Tabassum Bano – Allahabad’s First Woman e-Rickshaw Driver
Tabassum Bano had been tortured physically and mentally by her in-laws for dowry. She was thrown out of the house with her six month-old son, but she did not give up. She braved many difficulties. Confident and self dependent, Bano has set an example of courage as Allahabad’s first female e-rickshaw driver.
Tabassum Bano riding the e-riskshaw
Tabassum Bano had been tortured physically and mentally by her in-laws for dowry. She was thrown out of the house with her six month-old son, but she didn’t give up. She braved many difficulties. Confident and self dependent, Bano has set an example of courage as Allahabad’s first female e-rickshaw driver.

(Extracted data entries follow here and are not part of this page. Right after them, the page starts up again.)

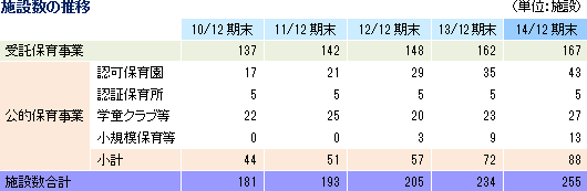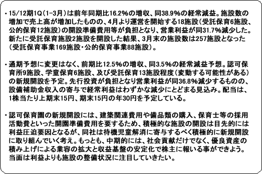 法的にも追い風が吹いてきた受託保育において企業向け事業所内保育の拡充を図り、公的保育においては、株式会社の公的保育施設の運営実績がない自治体で小規模保育施設の運営実績の積み上げを図る。また、新規サービスでは、保育の実践ノウハウ紹介サイト「保育の引き出し」を開設した他、保育事業でのノウハウを活かした行政機関等から要望の多い研修事業等の準備を進めている。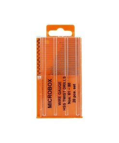Modelcraft 20 Pce Microbox Drill Set (No.61-80) This 20 piece set contains only the best quality HSS ground drills (not to be confused with similar looking sets containing cheaper inferior drills). Handy slide-top box releases only chosen drill.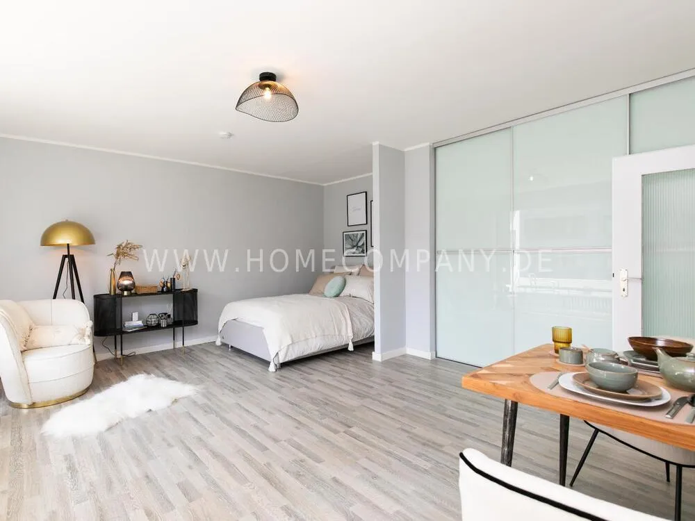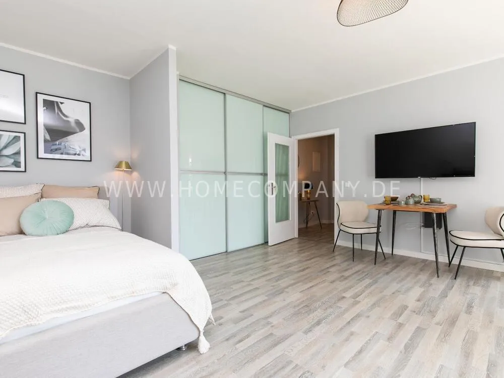 The bright apartment, which was completely refurbished in 2021, is central, yet quiet, right on Wohlerspark. In the living room / bedroom there is a 1.20 wide upholstered bed with a pocket spring mattress. A soft and very comfortable lounge chair with organically flowing shapes fits perfectly into the business living environment.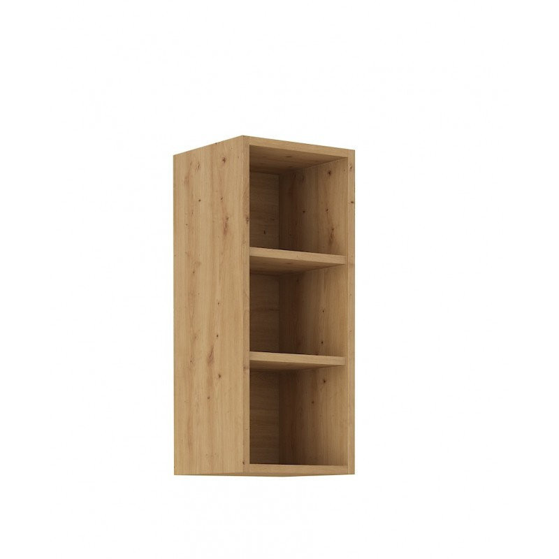 Tento horní otevřený regál bude příjemným oživením Vaší kuchyně. Je vyroben z lamina tloušťky 16 mm barvy dub artisan a je složen ze dvou praktických polic. V doplňkových fotografiích naleznete další možnosti a inspiraci k sestavení Vaší vysněné kuchyně. Nechte se inspirovat a poskládejte si z naší bohaté nabídky skříněk moderní a designovou kuchyň podle Vašich představ. Skříňka je dodávaná v demontu. Součástí je montážní plánek včetně všech potřebných spojovacích materiálů.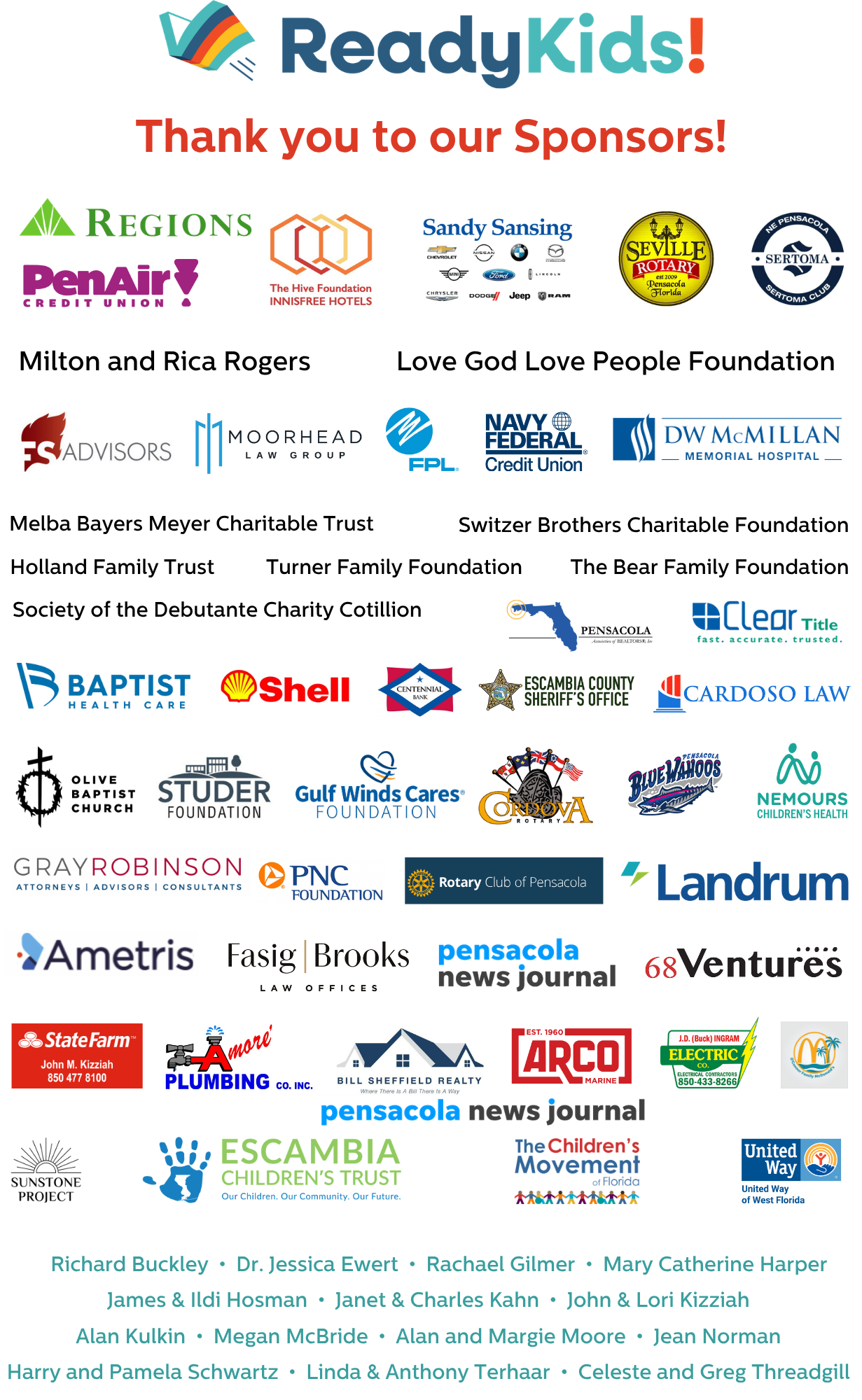 ReadyKids! began in 2007 with a vision from Pensacola leaders to create meaningful and outcome-driven initiatives that support our children at the start of their academic journeys. ReadyKids! continues to grow, thrive, and advance thanks to the support of community stakeholders coming together for a shared vision that, one day, every child in Escambia County will start school ready to learn. Our work is possible thanks to each and every one of our sponsors, partners, and supporters. Thank you!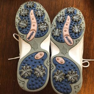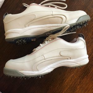 FootJoy GreenJoys Womens Golf Shoes Sz 8.5M White Leather Pink Soft Spike 48703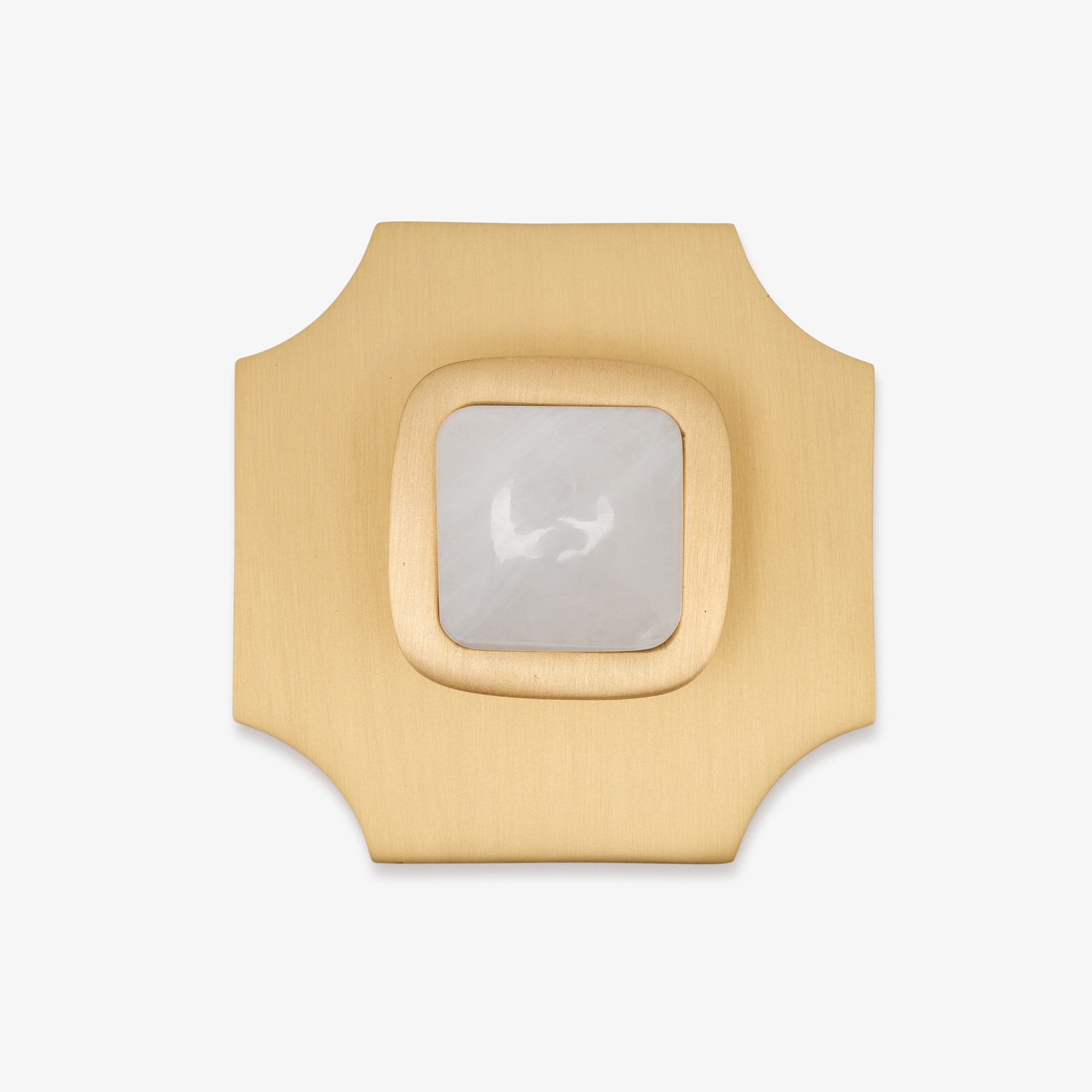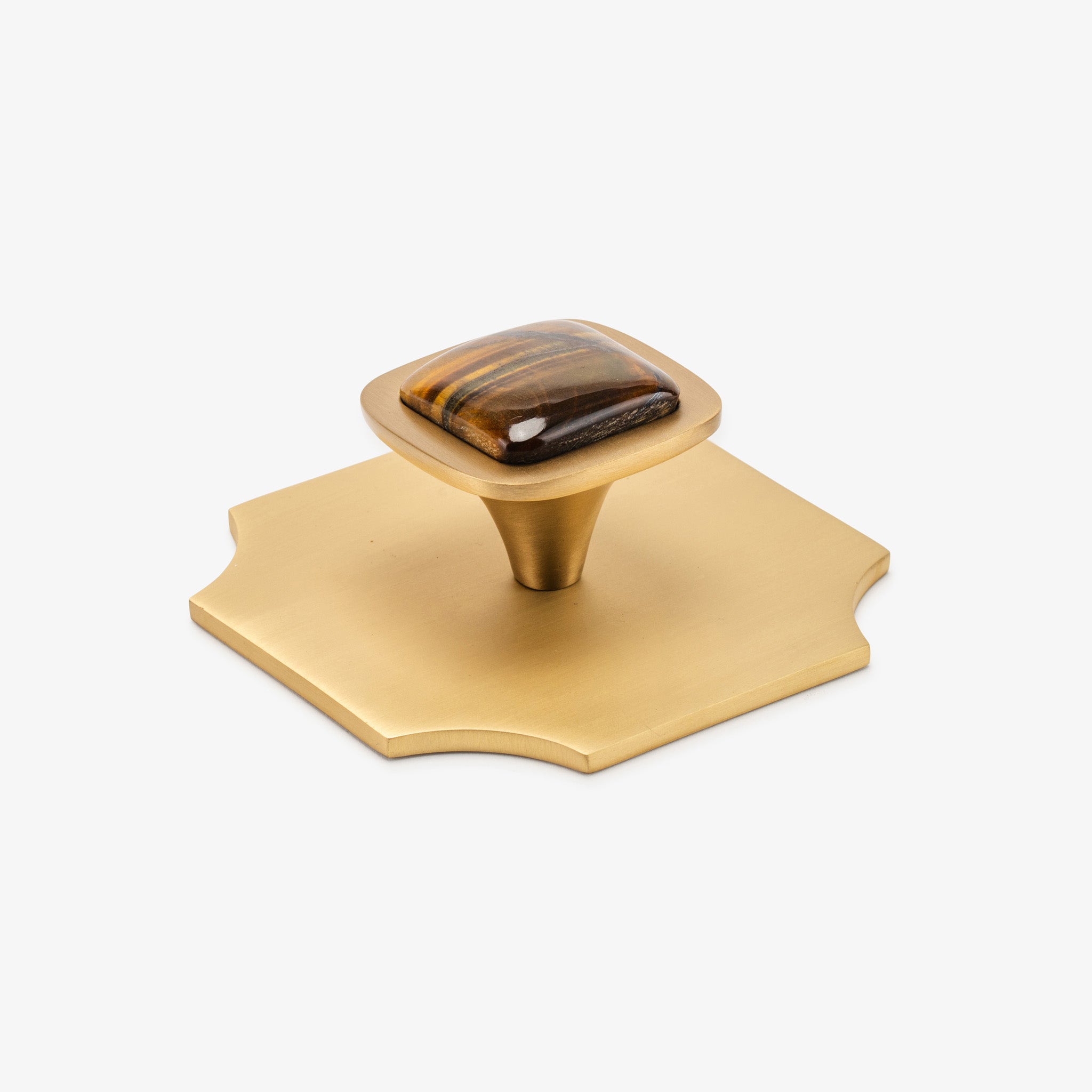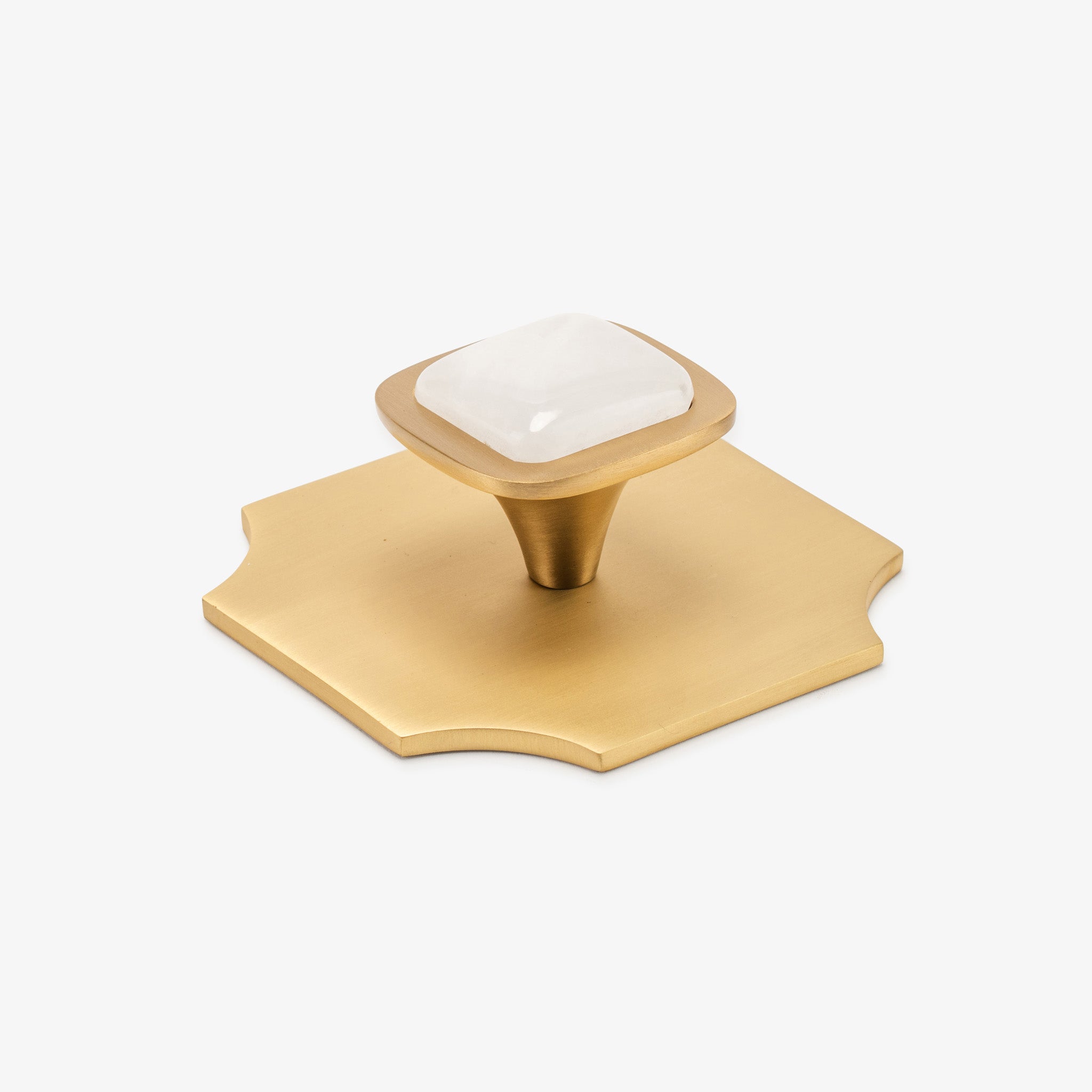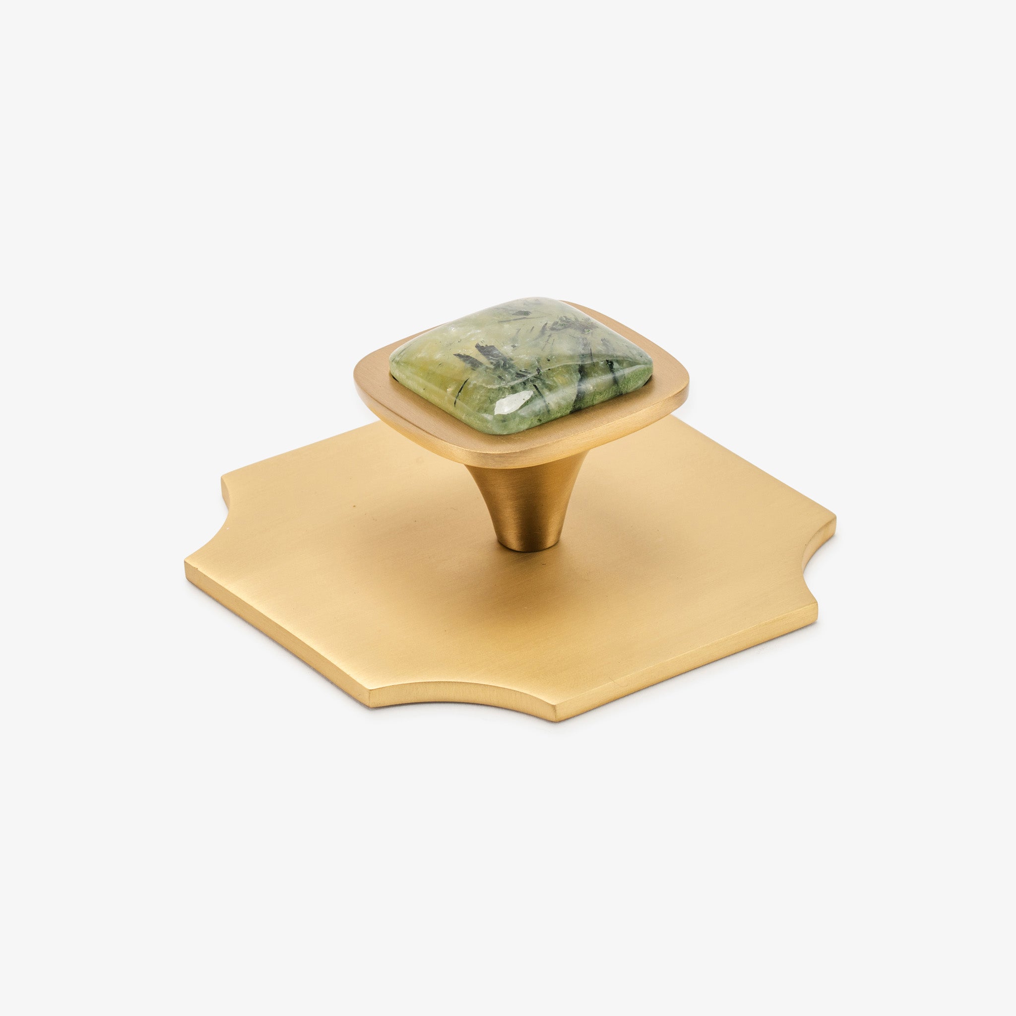 Transform your interiors with this pairing of the Bossard backplate and our beloved Benson knob, showcasing luxurious gemstone options. This Modern Matter essential combines refined craftsmanship with bold design, turning everyday hardware into an architectural statement. Whether updating kitchen cabinetry or bedroom furnishings, this polished brass fixture delivers the contemporary sophistication your home deserves.
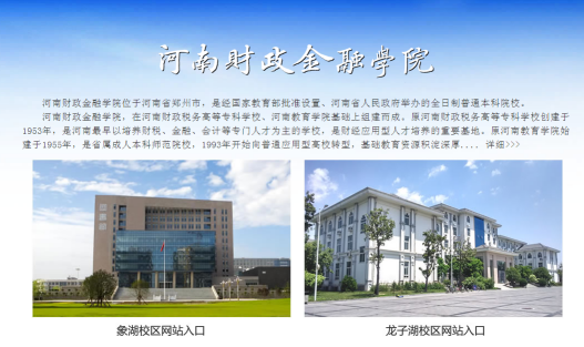 目前,河南財政金融學(xué)院共有兩個校區(qū),分別座落在鄭東新區(qū)的象湖、龍子湖畔,在校生近兩萬人,占地面積100.6萬平方米(1509畝),建筑面積58.69萬平方米。

Says Tabassum, “One year after marriage, my in-laws started torturing me for more dowry. My son was just six months old at that time. One day they even took my clothes off and threw me out of the house. Tired of their torture, I had even thought of committing suicide, but my child gave me the reason to live and fight.” She relates; “Finally, I decided to get divorce from my husband and made up my mind to come to Allahabad and start a new life. With just two rupees in hand and my son in my arms, I began my journey from Pratapgarh by foot and reached Allahabad after walking 50 kms. Once when I was at new Yamuna bridge, out of hunger my son started crying uncontrollably and I became restless and helpless in this unknown city. An old man saw us and brought us to Sister Sheeba Jones. My life changed since that day.”
Tabassum gives the credit to Sister Sheeba for changing her life. “Sister Sheeba first taught me how to ride a scooty and then four-wheelers.” Besides riding the e-rickshaw, Tabassum also works as a maid in houses to bear her expenses of her family. Apart from her own son, Tabassum is taking care of six other members of the family. “After my brother-in-law’s death, I took care of my sister and her three children. There is no male member in our family. I take care of my old mother too,” she says.
Before coming to Allahabad, Tabassum didn’t know how to read and write. But later, she started studying and cleared the class X examination. Her son Abdullah studies in a reputed English school in the city. Sharing her experience as a female e-rickshaw driver, she says, “I want to change people’s attitude towards women. There are different types of people in our society. Some people stare at me awkwardly while some praise and encourage me. I want to show that women are strong and can face challenges.”